A few days later, Pollyanna is hurrying home from school and is knocked unconscious by an automobile.
Both Aunt Polly and Nancy are bereft. Aunt Polly summons Dr. Warren who is uncertain of whether Pollyanna has suffered internal damage. When Pollyanna regains consciousness, she sees that Aunt Polly has put her under the charge of a nurse, Miss Hunt, who gives her white pills that send her to sleep.
While Pollyanna prattles on about how grateful she is to have a temporary sickness like Mr. Pendleton’s broken legs and not a permanent one like Mrs. Snow, Aunt Polly looks sad. She has a secret about Pollyanna’s condition that she will not share.
Meanwhile, Nancy gossips to Old Tom about Mr. Pendleton visiting Miss Polly. She explains she was wrong about thinking Mr. Pendleton was Miss Polly’s former lover. Old Tom then states that after Pollyanna’s mother Jennie rejected Mr. Pendleton, Miss Polly tried “ter be nice to him. Maybe she overdid it a little” (168). Some people gossiped that Miss Polly was chasing Mr. Pendleton herself. After this, there was trouble with Miss Polly’s own lover, who Old Tom will not name.

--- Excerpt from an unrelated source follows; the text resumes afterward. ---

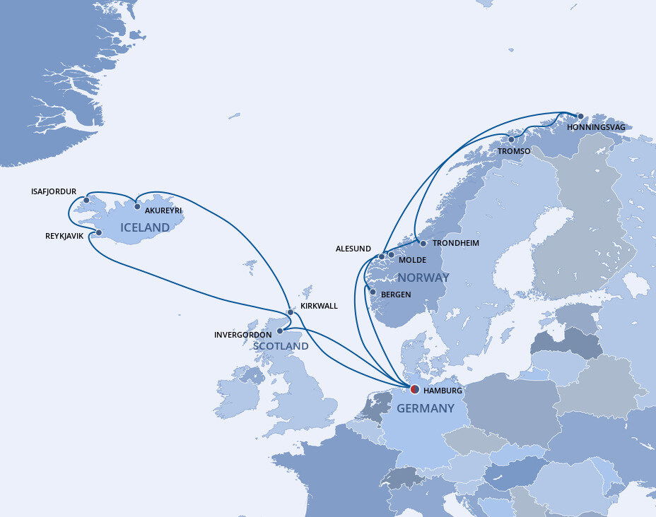 Iceland’s Capital of the North is the gateway to a thrilling land of roaring waterfalls, soaring volcanoes and glorious wildlife. Situated at the head of Eyjafjordur, Iceland's longest fjord and with a backdrop of dramatic snow-covered mountains, Akureyri is Iceland's second largest city. Ships will dock at the pier.

Mr. Pendleton has turned up to ask Miss Polly how Pollyanna is. She shares the sad news that Pollyanna has acquired a spinal injury which appears to have paralyzed her from the hips down. She explains that she has not yet told Pollyanna the news. Both are tearful. Mr. Pendleton confesses how he has tried to get Pollyanna to live with him, explaining how “I am fond of her both for her own sake, and for her mother’s” and “stood ready to give Pollyanna the love that has been twenty-five years in storage” (170). He explains that Pollyanna would not come for love of her aunt. Aunt Polly thanks Mr. Pendleton for his visit and promises to update him on Pollyanna’s condition.

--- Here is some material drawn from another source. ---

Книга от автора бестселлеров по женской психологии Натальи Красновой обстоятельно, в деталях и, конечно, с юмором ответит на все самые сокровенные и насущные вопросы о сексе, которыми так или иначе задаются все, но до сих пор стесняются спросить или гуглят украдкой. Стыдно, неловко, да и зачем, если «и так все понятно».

Aunt Polly says that she has engaged a specialist from New York to see Pollyanna. Pollyanna maintains that she wants Dr. Chilton because she loves him. Aunt Polly blushes and maintains that she will do anything she can to keep Pollyanna happy, except seeing Dr. Chilton. She indulges her, allowing the cat and dog to come upstairs and for the nurse to do her hair. However, even when the specialist from New York cannot come, she still will not permit Dr. Chilton’s visit.

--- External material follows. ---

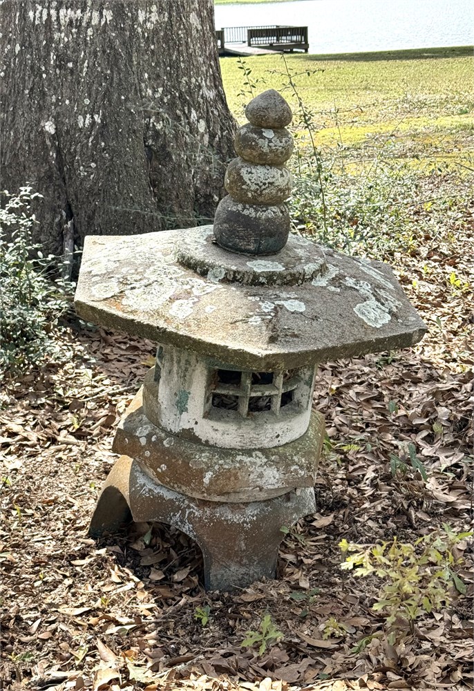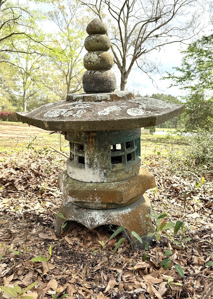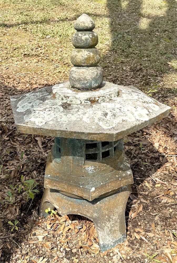 Large Japanese Stone Lantern Cement Pagoda Statue with Patina View Watchlist >

Nancy talks to Old Tom hoping to scope out more information on Miss Polly’s lover. Old Tom says that he will not tell, intimating that he cannot believe that Nancy has not guessed it.
However, Pollyanna shows no signs of recovering and despite her efforts to remain animated as she talks about resuming her activities when she is better, she grows pale and thin.
When tall, broad-shouldered Dr. Mead, the New York specialist arrives, Pollyanna tells him he looks a lot like her doctor, Dr. Chilton. This makes Aunt Polly blush. Then the door is closed while the adults talk. They think that the cat, who poked at the unlatched door to come in, is the one who enabled Pollyanna to overhear Aunt Polly saying: “Not that! Doctor, not that! You don’t mean—the child—will NEVER WALK again!” (179). Aunt Polly faints and must be revived by the doctors, while Pollyanna who has overheard begs the nurse for her aunt. She tries to gain reassurance from Miss Hunt that the doctor has not said the truth. Miss Hunt gives Pollyanna palliatives. Still, the full horror does not leave Pollyanna, who cannot see how she will ever feel hopeful again if she cannot walk.
Miss Polly sends Nancy to break the news about Pollyanna to Mr. Pendleton. She tells him that it is harder to play the glad game now when she cannot see beyond the gloomy fact of never walking again.
Soon, the whole town knows that the New York specialist said Pollyanna would never walk again and they mourn the fact openly.
Mr. Pendleton comes to the house to tell Aunt Polly that he will take in Jimmy Bean. Miss Polly is astounded and rushes to tell the news to Pollyanna. Pollyanna beams with happiness and then reveals that Dr. Chilton, like Mr. Pendleton, also thinks that “a woman’s hand and heart, or a child’s presence” are necessary to making a home (187). Aunt Polly blushes and blushes, as Pollyanna relates the how Dr. Chilton would “give all the world if he did have one woman’s hand and heart” (188).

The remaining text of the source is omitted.